Subconsciously, there is something that has triggered this and it defo sounds like a big panic episode. Sometimes you can start the day feeling ok and then out of the blue these things occur. I too have had episodes like this - feeling lightheaded, all the blood drains from me, I feel hot,my heart pounds, head pulsates and I feel faint, or that I'm going to. I have had many episodes of this and have fainted only once so far. Sadly, it was at work, but luckily I was in the right place as I'm a nurse!!! That time I was under a lot of pressure at work and in my relationship, on my period and my blood pressure was very low,but I know it was triggered by anxiety as I was being interrogated by my boss at the time and feeling VERY anxious!

First things first. Lay down with your legs raised higher than heart level on cushions or a chair or anything that raises them up. Secondly, BREATHE in and out slowly. Close your eyes and try to relax your muscles, hands, shoulders, etc. This REALLY does help, honestly. Distraction also helps so switch the tv on, but remain lying down while you are feeling like this at present.
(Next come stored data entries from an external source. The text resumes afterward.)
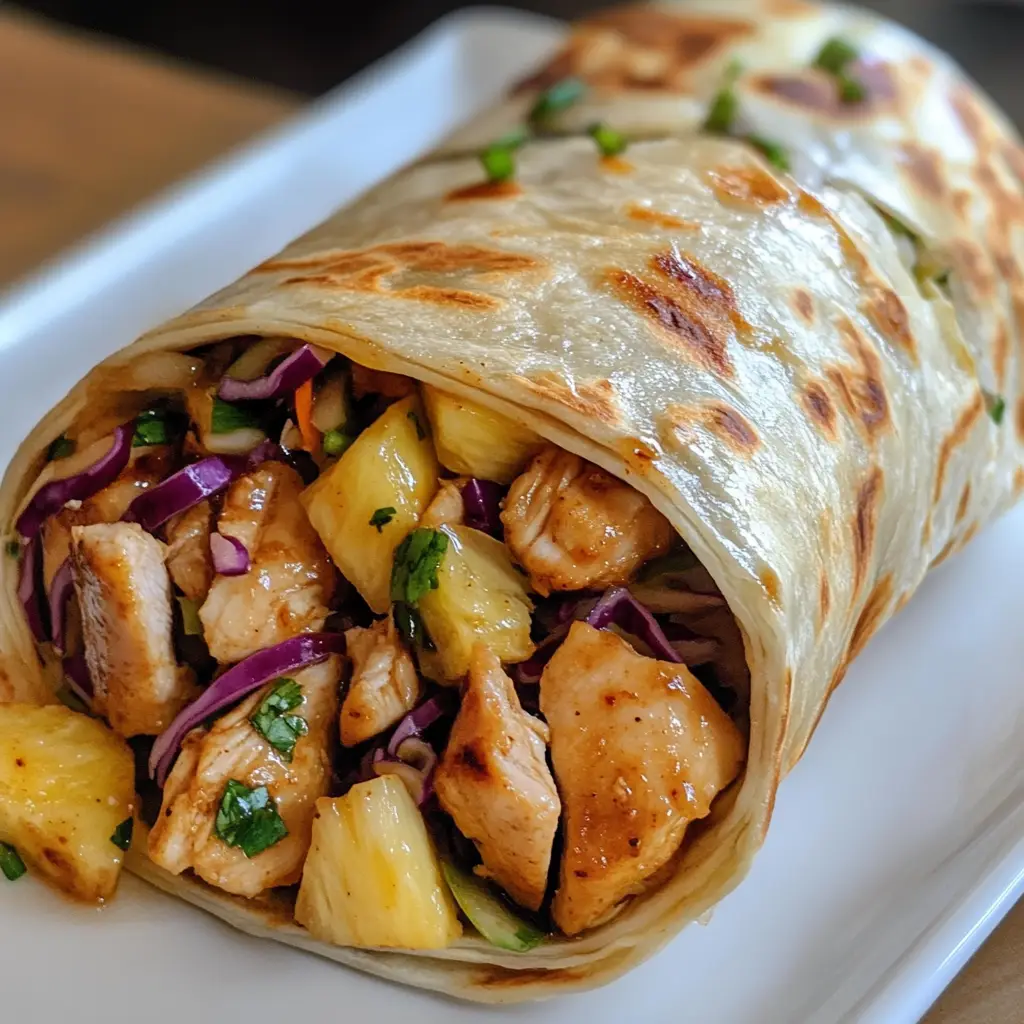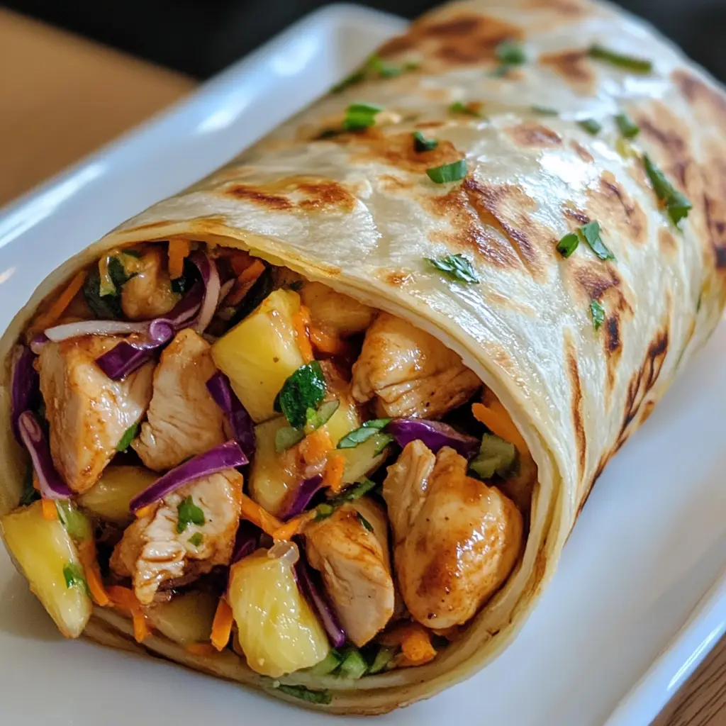 Keywords: Teriyaki Chicken, Pineapple Slaw, Wrap, Asian Cuisine, Healthy Lunch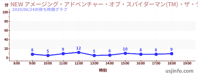 • NEW アメージング・アドベンチャー・オブ・スパイダーマン(TM)・ザ・ライド 4K3D$B$N(B2020年06月24日の待ち時間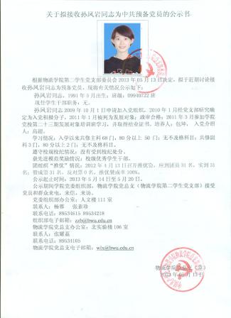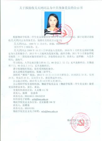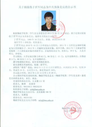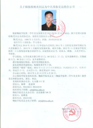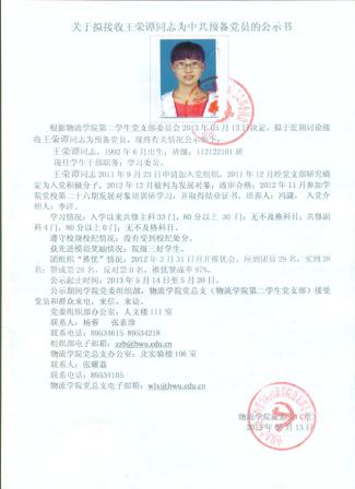 尤物视频 第二学生党支部拟接收预备党员人员公示2013-5-13

I can TOTALLY relate as I suffer episodes like this myself. It has happened many times when I am out shopping, and even at the hairdressers last month, when I was SITTING as well!! It is a vasovagal episode when you actually faint, exacerbated by anxiety/panic. Please don't be frightened and it will pass, as apparently most episodes we only THINK we will faint, but we actually don't, and it is just the anxiety playing tricks, so I think I was unlucky when I did!

I combat these episodes by trying to distract myself from the immediate things I am feeling, by conversing with someone, chanting something silently in my head like 'you are ok, it will pass' , basically ANYTHING that calms down the physical effects.

Just know too that this is NOT A FAILURE on your part, so don't chastise yourself as you will wind up feeling worse. It is a temporary glitch.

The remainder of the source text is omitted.